Personal information
- National team: Serbia
- Born: 15 May 1995 (age 31) Pirot, FR Yugoslavia

Sport
- Country: Serbia
- Sport: Javelin throw
- Disability class: F46

Medal record
Women's para athletics
Representing Serbia
World Championships
| Silver medal – second place | 2023 Paris | Shot put F46 |
| Silver medal – second place | 2023 Paris | 200 m T47 |
| Silver medal – second place | 2024 Kobe | Javelin throw F46 |
| Silver medal – second place | 2024 Kobe | 100 m T47 |
| Bronze medal – third place | 2024 Kobe | 200 m T47 |

= Saška Sokolov =

Serbian Paralympic athlete (born 1995)

Saška Sokolov (born 15 May 1995) is a Serbian athlete who competed for her nation in the javelin throw at the 2016 Summer Paralympics, and 2020 Summer Paralympics.

==Career==
Saška Sokolov was born in Pirot, Serbia, the daughter of football coach Sasha Sokolov. As a child, she began to participate in football, but as Pirot did not have a women's team, she switched to handball where she played for ŽRK Pirot. In 2013, she moved to Belgrade, where she attended the Faculty of Special Education and Rehabilitation. She had moved to the capital to study defectology. While there, she took up javelin throw, and became Junior European Champion within three months. She also won the gold medal in the shot put. Within a year, she had qualified for the 2016 Summer Paralympics with a personal best throw of 34.8 m.

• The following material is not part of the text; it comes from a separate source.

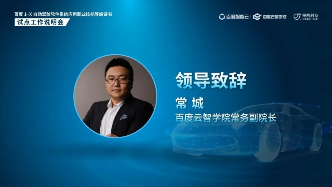 會議首先由百度云智學院常務副院長常城致辭。百度作為全球領先的自動駕駛技術企業,在2019年也取得了長足的進步。完成了自動駕駛、車路協同、智能車聯三大平臺的開放升級,實現了全面布局自動駕駛和智能交通。在本次百度1+X自動駕駛軟件系統應用職業技能等級證書的開發中,百度聯合景格科技、行業產業及教育專家共同推進,未來也會在自動駕駛技術與院校人才培養的融合中,與院校有更深入、更緊密的合作。

While at the 2016 Games, she was one of the youngest competitors. Sokolov competed in the F46 class of the women's javelin throw where she finished in sixth place with a longest throw of 33.26 m. She afterwards spoke of her desire to win the event at the 2020 Summer Paralympics in Tokyo, Japan.

She competed at the 2018 European Championships, where she won a bronze medal.